*Data segment:*

* * *

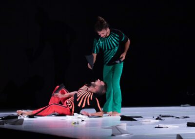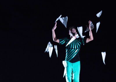 I corpi dei due performer ruotano, orbitano, accelerano e decelerano con regolarità, si attraggono e si respingono come calamite, creano paesaggi emotivi, stabiliscono delle regole in rapporto alle linee e le infrangono, si percuotono e si cullano. Lo spettacolo è stato pensato come un sistema interattivo : il pubblico è invitato a costruire aeroplanini di carta, poi a lanciarli in scena a discrezione nello spazio ‘gravitazionale’ dei performer, infrangendo lecitamente lo spazio intimo della visione. Alea iacta est!
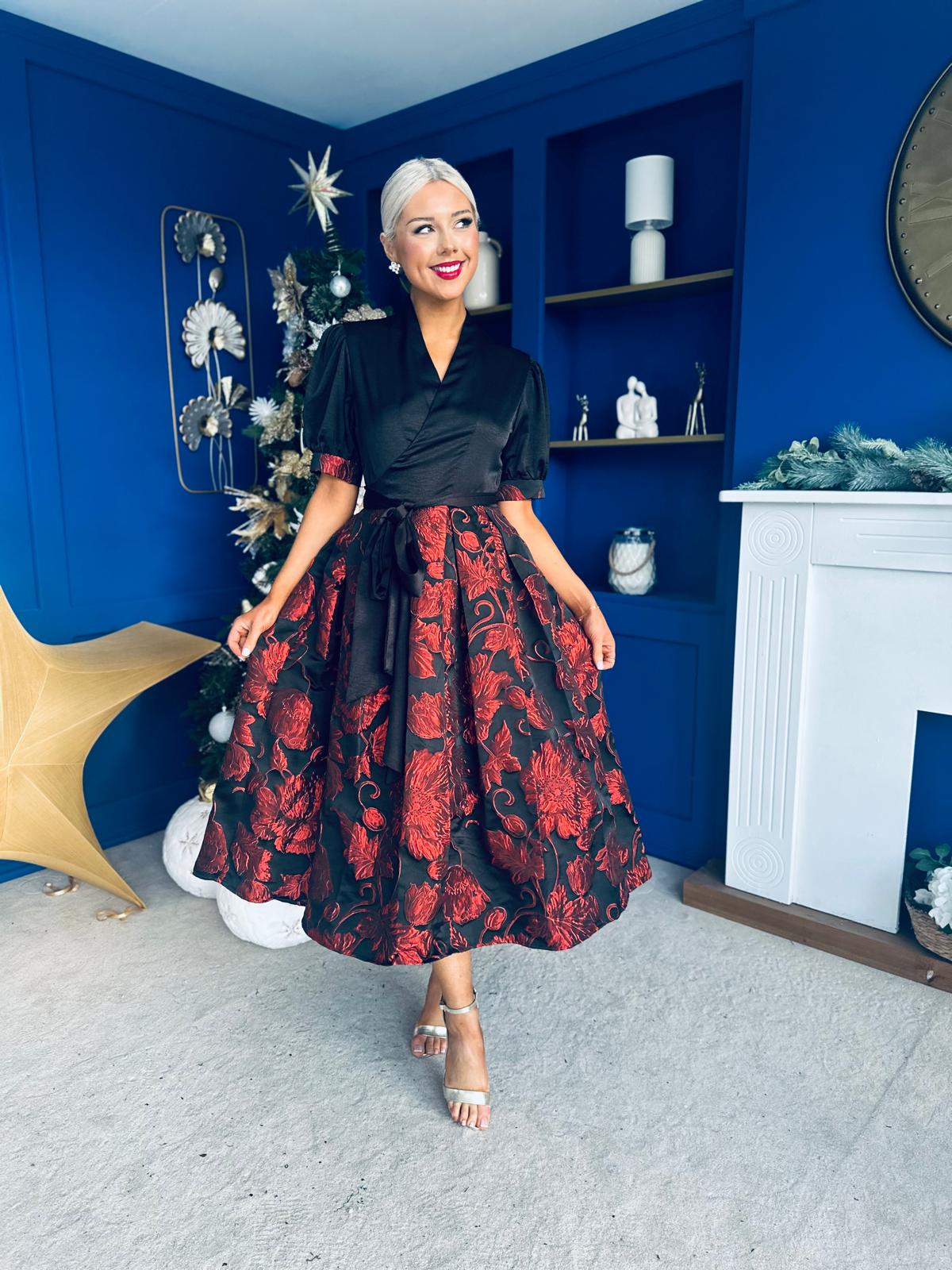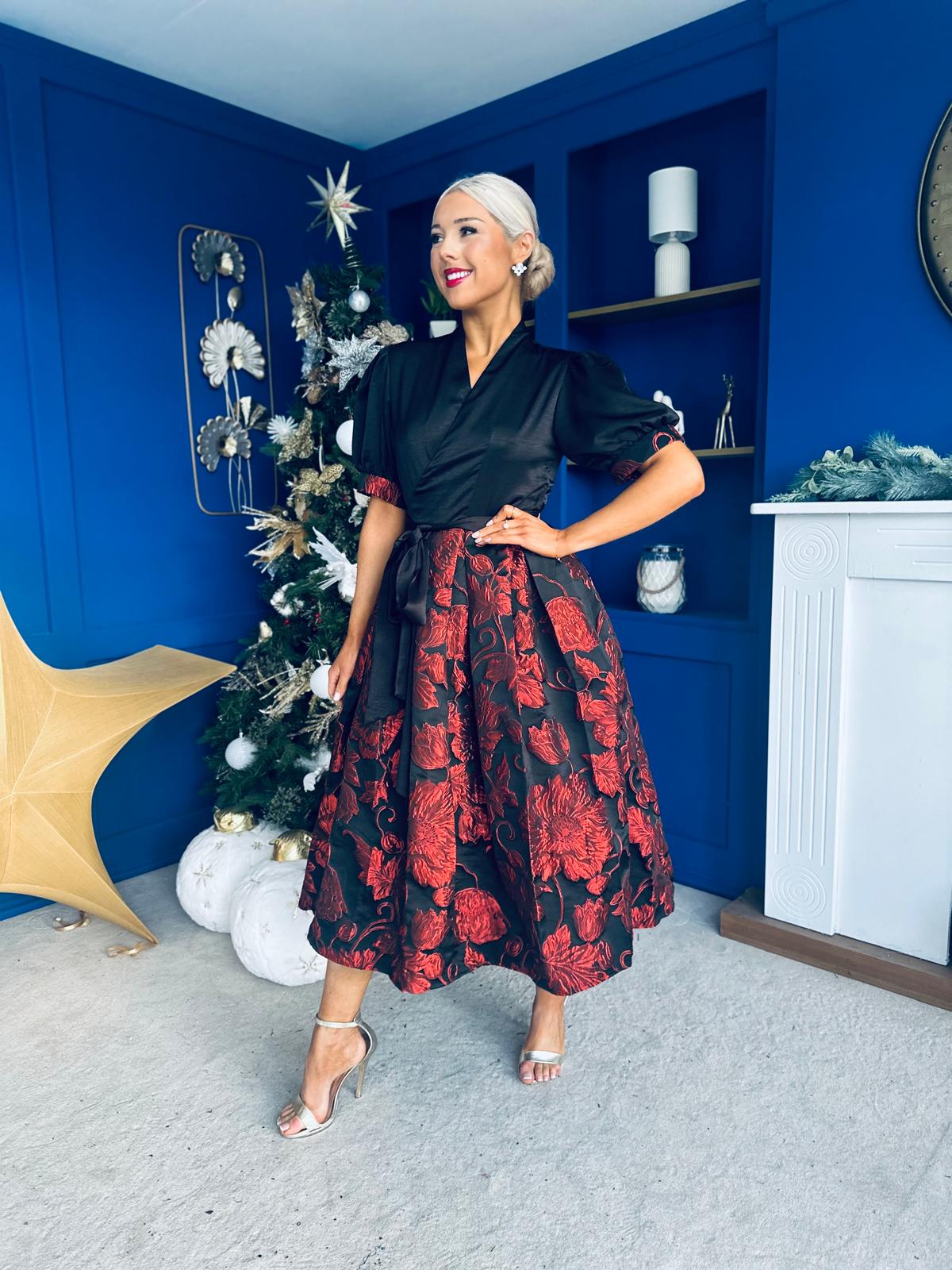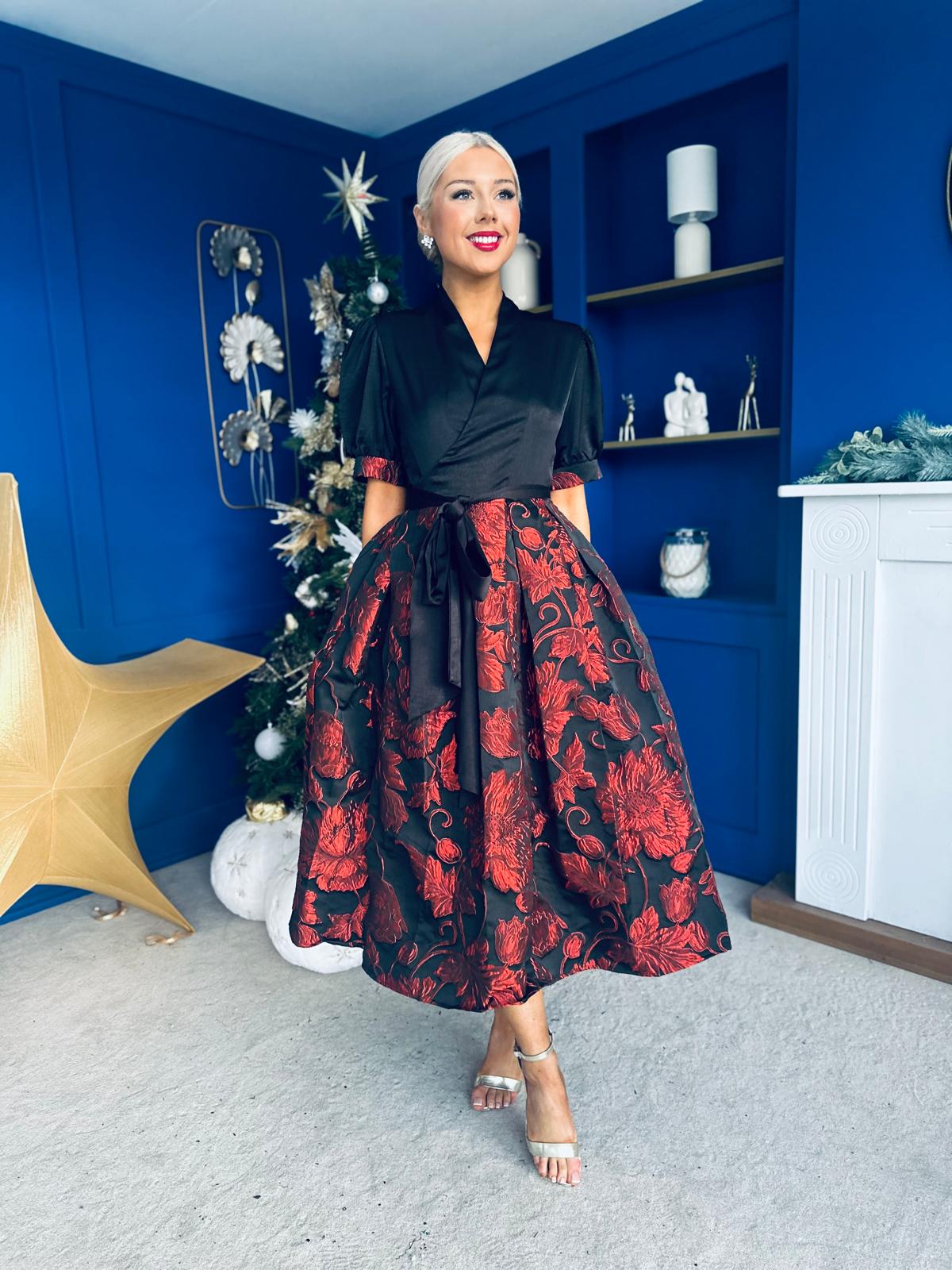 Aoife Jaquard Occasion Wrap Dress Red
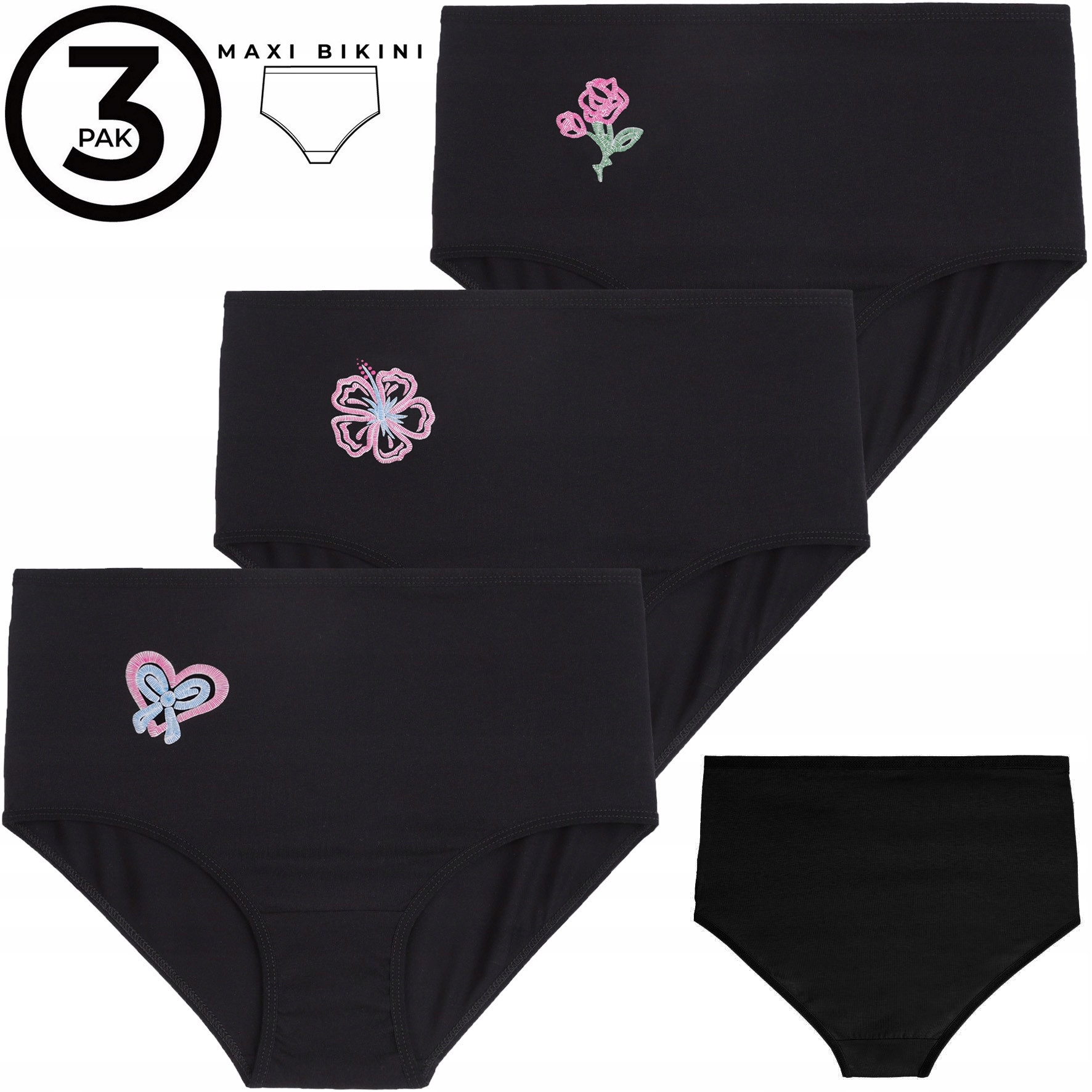 ЧЕРНЫЕ ЖЕНСКИЕ ТРУСЫ ИЗ ХЛОПКА С ЦВЕТКАМИ МОРАХ, 3 ПАКЕТА R.L

* * *

*Exercise prompt:* Which lines run from the one containing "Aoife Jaquard Occasion Wrap Dress Red" to the end of the data above? Set down those lines exactly, and only those, without any pictures.

*Solution to the exercise:*
 Aoife Jaquard Occasion Wrap Dress Red
 ЧЕРНЫЕ ЖЕНСКИЕ ТРУСЫ ИЗ ХЛОПКА С ЦВЕТКАМИ МОРАХ, 3 ПАКЕТА R.L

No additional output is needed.